◆ WHAT YOU ARE ASKED TO DO ◆
A faithful transcript of all the lines below, with no pictures, is the goal here.

◆ SOURCE MATERIAL ◆

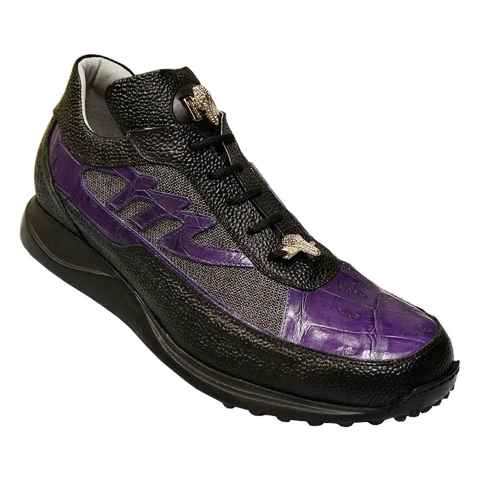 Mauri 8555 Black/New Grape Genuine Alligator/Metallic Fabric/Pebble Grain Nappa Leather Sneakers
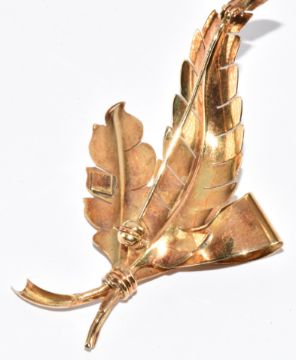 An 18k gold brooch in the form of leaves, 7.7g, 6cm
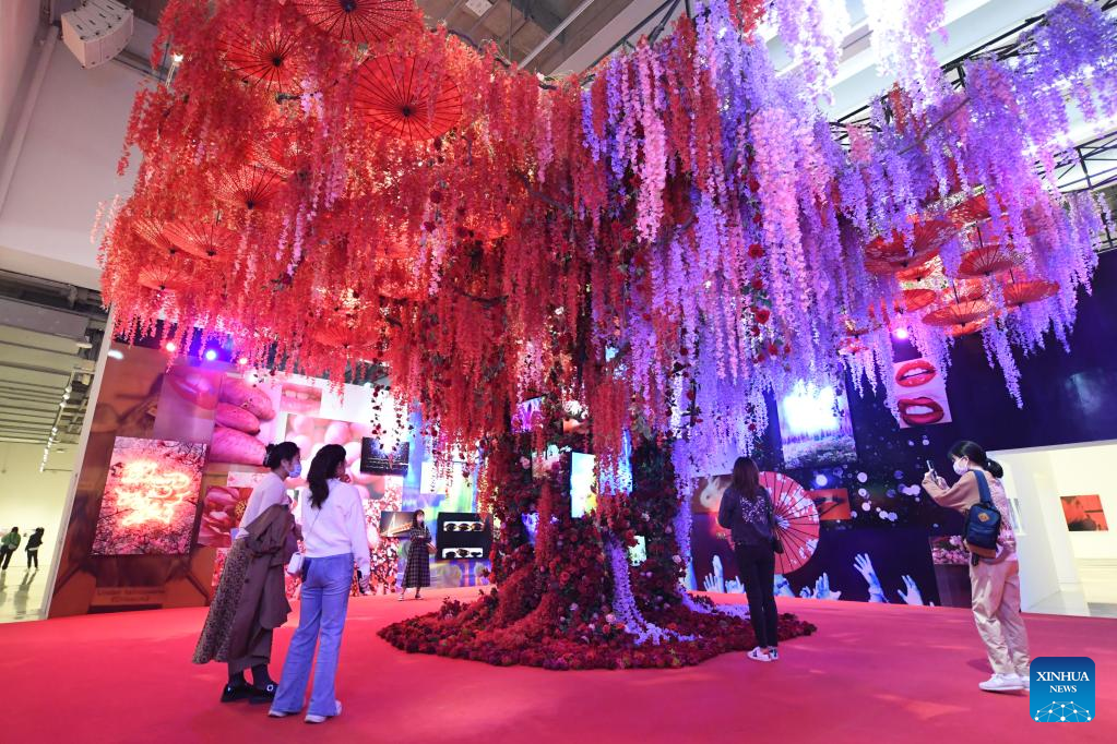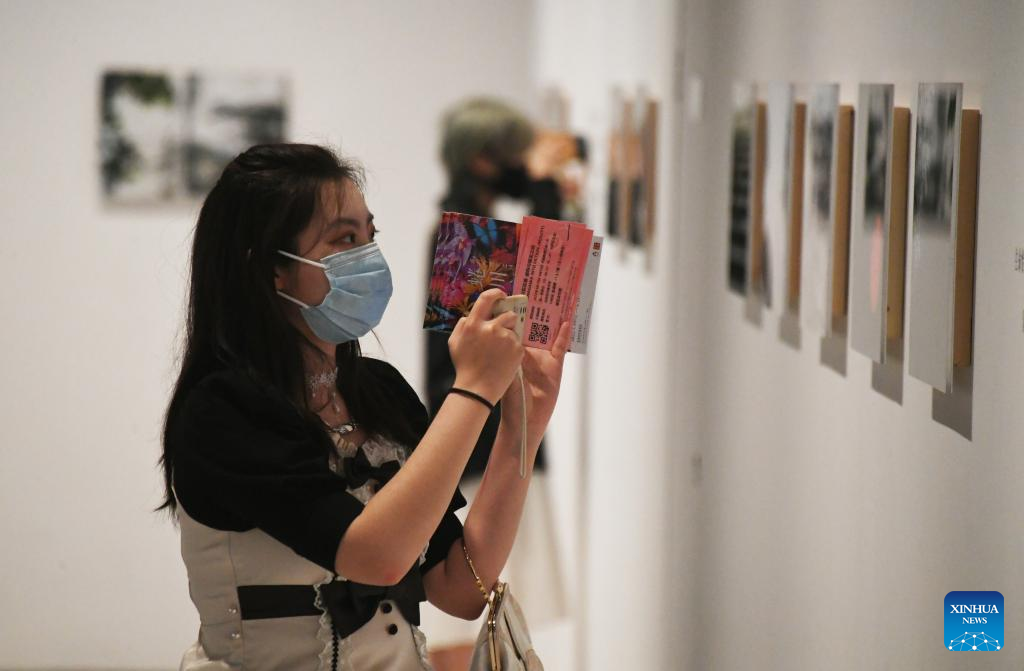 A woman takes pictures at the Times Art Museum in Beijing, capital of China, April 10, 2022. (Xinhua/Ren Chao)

◆ RESPONSE TO THIS TASK ◆
 Mauri 8555 Black/New Grape Genuine Alligator/Metallic Fabric/Pebble Grain Nappa Leather Sneakers
 An 18k gold brooch in the form of leaves, 7.7g, 6cm
 A woman takes pictures at the Times Art Museum in Beijing, capital of China, April 10, 2022. (Xinhua/Ren Chao)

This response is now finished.